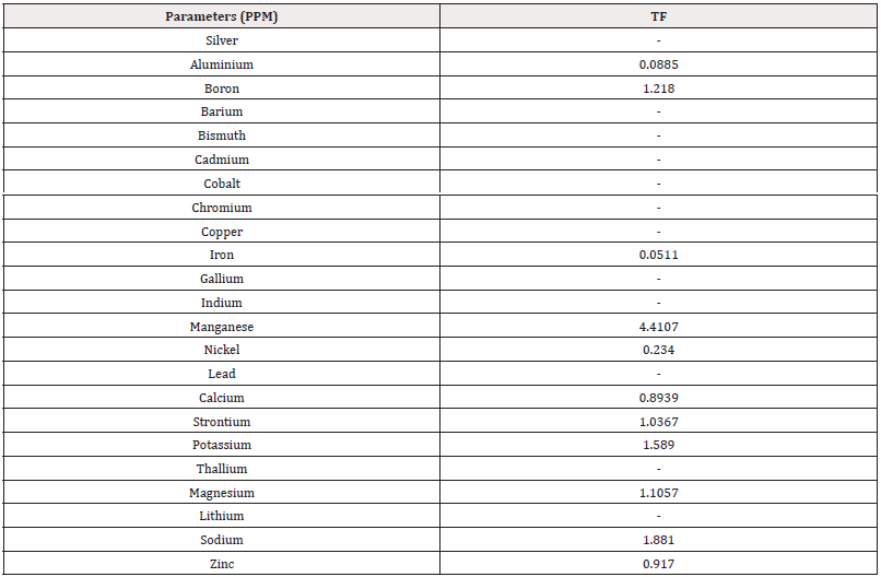 Translocation Factor (TF): The TF is the capacity of a plant to transfer metal from its roots to shoots. The Translocation Factor (TF) for each plant was calculated by dividing metal concentration in the shoot by metal concentration in the root. A TF value>1 indicates the plant’s capability to translocate metal effectively from root to shoot [37]. The equation was as follows:
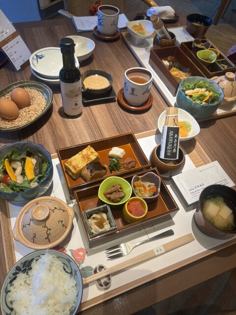 朝食は和食と洋食が選べたので、私は洋食、同行者は和食にして両方楽しみました。洋食のパンはふわふわ、オムレツも絶品。和食はご飯のお供が豊富で、わらに入った本格的な納豆が特に美味しかったです。
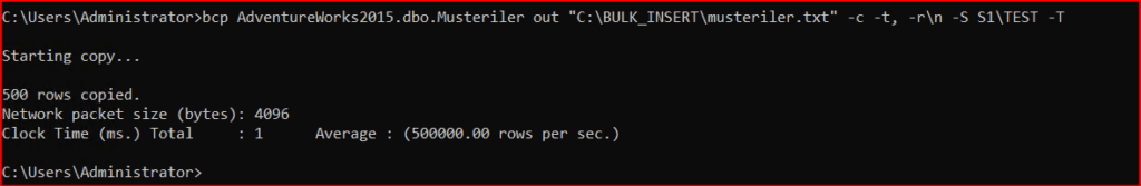 bcp AdventureWorks2015.dbo.Musteriler out "C:\BULK_INSERT\musteriler.txt" -c -t, -r\n -S S1\TEST -T
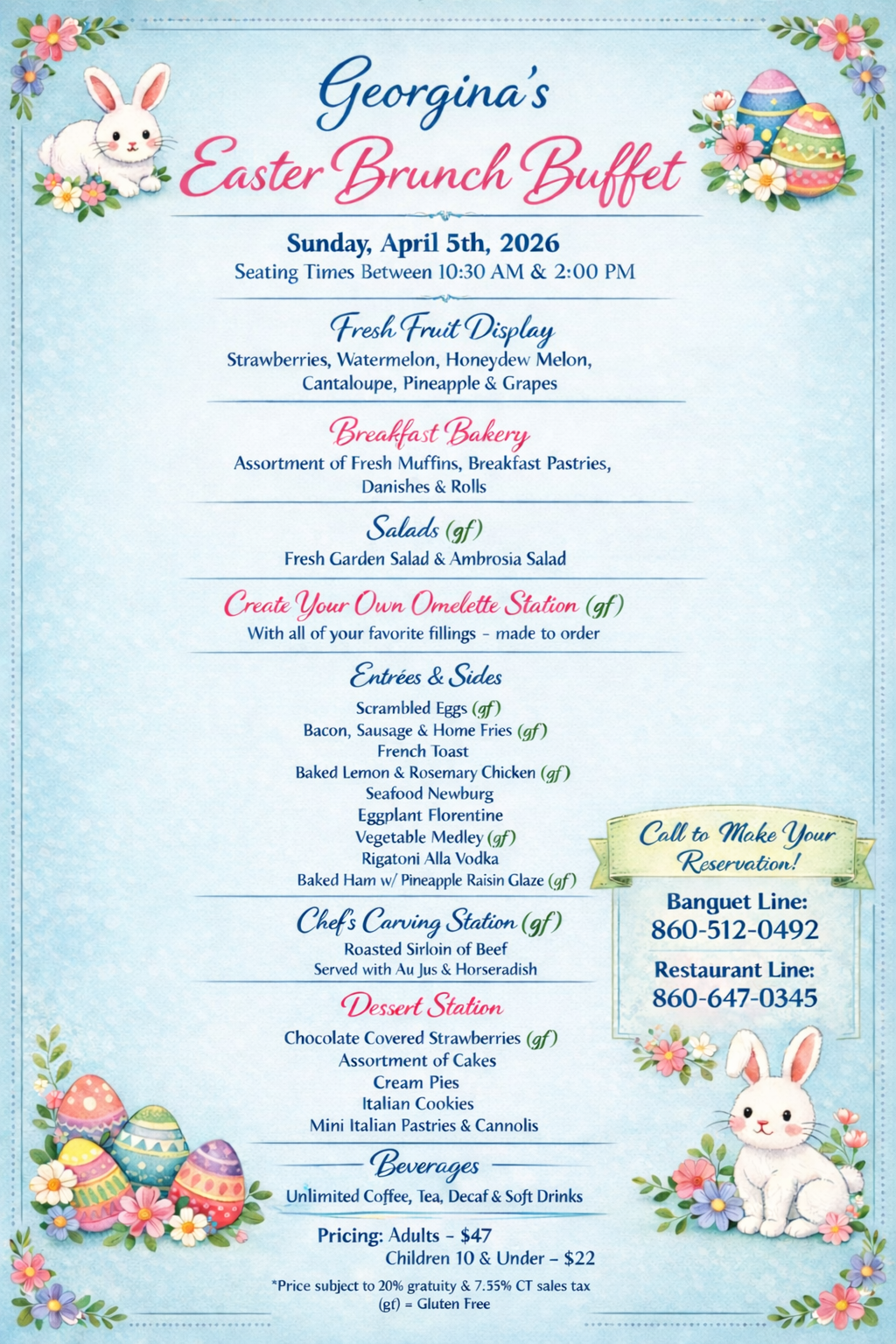 Welcome to Georgina’s Restaurant in Bolton CT. We have been serving up Italian inspired cuisine to Bolton, Manchester, South Windsor, Vernon and all surrounding areas since 1992. To truly appreciate our restaurant come with your family and appetite! We offer pizza, Italian entrees, grinders, burgers, gyros, pasta dishes, as well as items off our grill. Georgina’s Italian Restaurant has a full bar, ample parking, and friendly service to ensure your dining experience is simple, relaxing and enjoyable. We have a reputation for preparing delicious
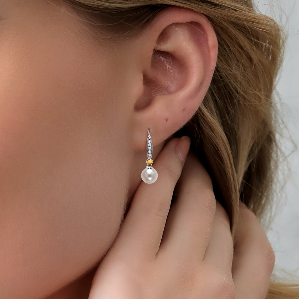 DAZZLING DIAMOND ACCENTS: Enhancing the beauty of the pearls are white lab-grown diamonds, delicately set in 10K yellow gold. The subtle sparkle of these diamonds adds a touch of glamour and refinement to the earrings.
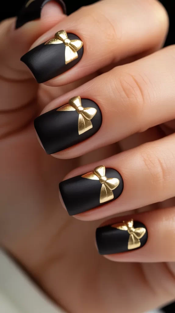 For a sophisticated twist, paint your nails matte black. Then, use gold nail polish or foil to draw small bow shapes at the base or tips of your nails. The contrast of black and gold looks elegant and modern.
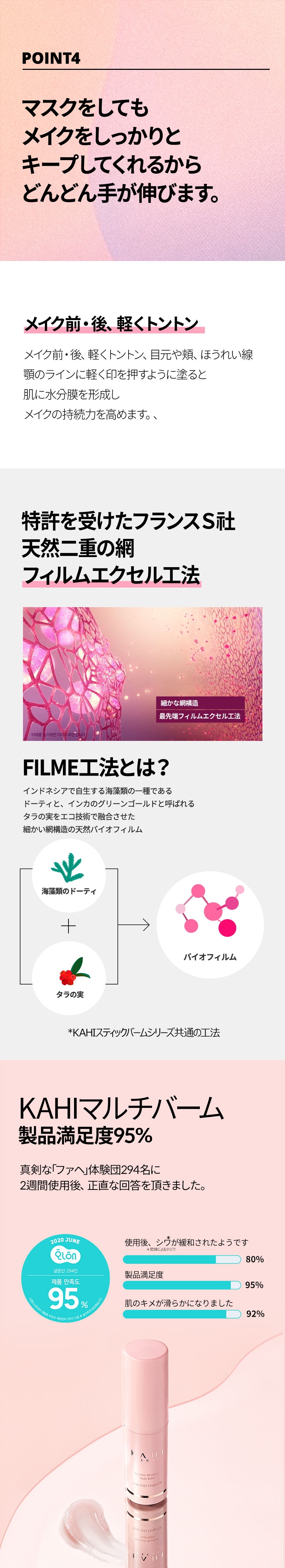 特許技術で2重網構造の天然バイオフィルムで肌に水分膜を作り、メイクの密着力を高めます。
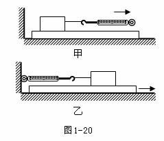 (3)为了测量木块与木板之间的滑动摩擦力,他设计了两种方案,如图1-20甲和乙所示,甲是将长木板固定在水平面上,用弹簧测力计水平拉动木板上的木块;乙是用弹簧测力计水平拉住木块,他水平拉动木块下的木板,你认为更利于操作的方案是______________。理由是____________________。
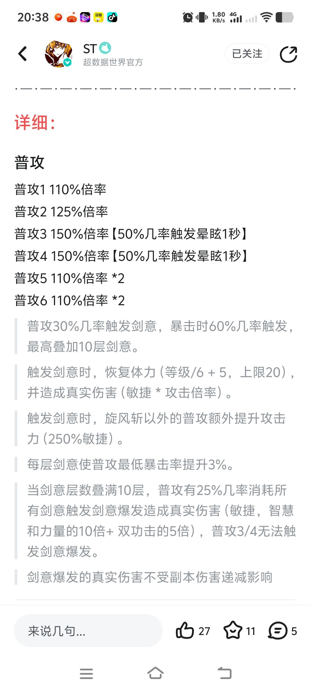 正常情况30%触发,暴击后60%触发剑意。叠到十层剑意下一击(25%触发)剑意爆发伤害也就是真伤数值。
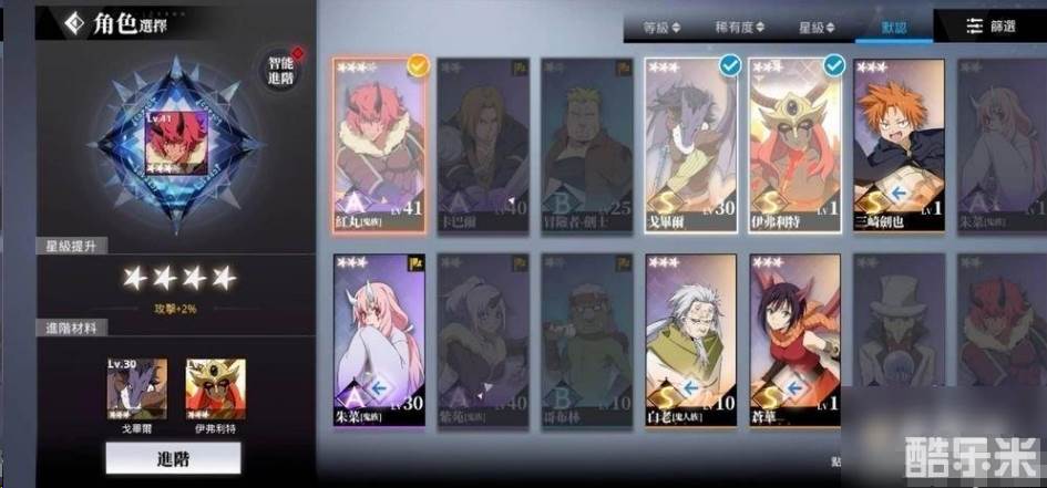 1、若想提高角色等级,则要事先收集素材为角色进行等级突破,突破过的角色除了等级上限会提高外,若是看过角色们的技能组,会发现每只角色都会有一项技能需要透过突破来进行强化,而且这类技能通常在经过三次左右的强化后,就能够明显地感受到质变,因此游戏初期的「等级」与「突破素材」是重中之重。
------------
### WORK REQUIRED
Your answer must be an exact copy of the records, minus any pictures.

### THE COMPLETED TASK
 Translocation Factor (TF): The TF is the capacity of a plant to transfer metal from its roots to shoots. The Translocation Factor (TF) for each plant was calculated by dividing metal concentration in the shoot by metal concentration in the root. A TF value>1 indicates the plant’s capability to translocate metal effectively from root to shoot [37]. The equation was as follows:
 朝食は和食と洋食が選べたので、私は洋食、同行者は和食にして両方楽しみました。洋食のパンはふわふわ、オムレツも絶品。和食はご飯のお供が豊富で、わらに入った本格的な納豆が特に美味しかったです。
 bcp AdventureWorks2015.dbo.Musteriler out "C:\BULK_INSERT\musteriler.txt" -c -t, -r\n -S S1\TEST -T
 Welcome to Georgina’s Restaurant in Bolton CT. We have been serving up Italian inspired cuisine to Bolton, Manchester, South Windsor, Vernon and all surrounding areas since 1992. To truly appreciate our restaurant come with your family and appetite! We offer pizza, Italian entrees, grinders, burgers, gyros, pasta dishes, as well as items off our grill. Georgina’s Italian Restaurant has a full bar, ample parking, and friendly service to ensure your dining experience is simple, relaxing and enjoyable. We have a reputation for preparing delicious
 DAZZLING DIAMOND ACCENTS: Enhancing the beauty of the pearls are white lab-grown diamonds, delicately set in 10K yellow gold. The subtle sparkle of these diamonds adds a touch of glamour and refinement to the earrings.
 For a sophisticated twist, paint your nails matte black. Then, use gold nail polish or foil to draw small bow shapes at the base or tips of your nails. The contrast of black and gold looks elegant and modern.
 特許技術で2重網構造の天然バイオフィルムで肌に水分膜を作り、メイクの密着力を高めます。
 (3)为了测量木块与木板之间的滑动摩擦力,他设计了两种方案,如图1-20甲和乙所示,甲是将长木板固定在水平面上,用弹簧测力计水平拉动木板上的木块;乙是用弹簧测力计水平拉住木块,他水平拉动木块下的木板,你认为更利于操作的方案是______________。理由是____________________。
 正常情况30%触发,暴击后60%触发剑意。叠到十层剑意下一击(25%触发)剑意爆发伤害也就是真伤数值。
 1、若想提高角色等级,则要事先收集素材为角色进行等级突破,突破过的角色除了等级上限会提高外,若是看过角色们的技能组,会发现每只角色都会有一项技能需要透过突破来进行强化,而且这类技能通常在经过三次左右的强化后,就能够明显地感受到质变,因此游戏初期的「等级」与「突破素材」是重中之重。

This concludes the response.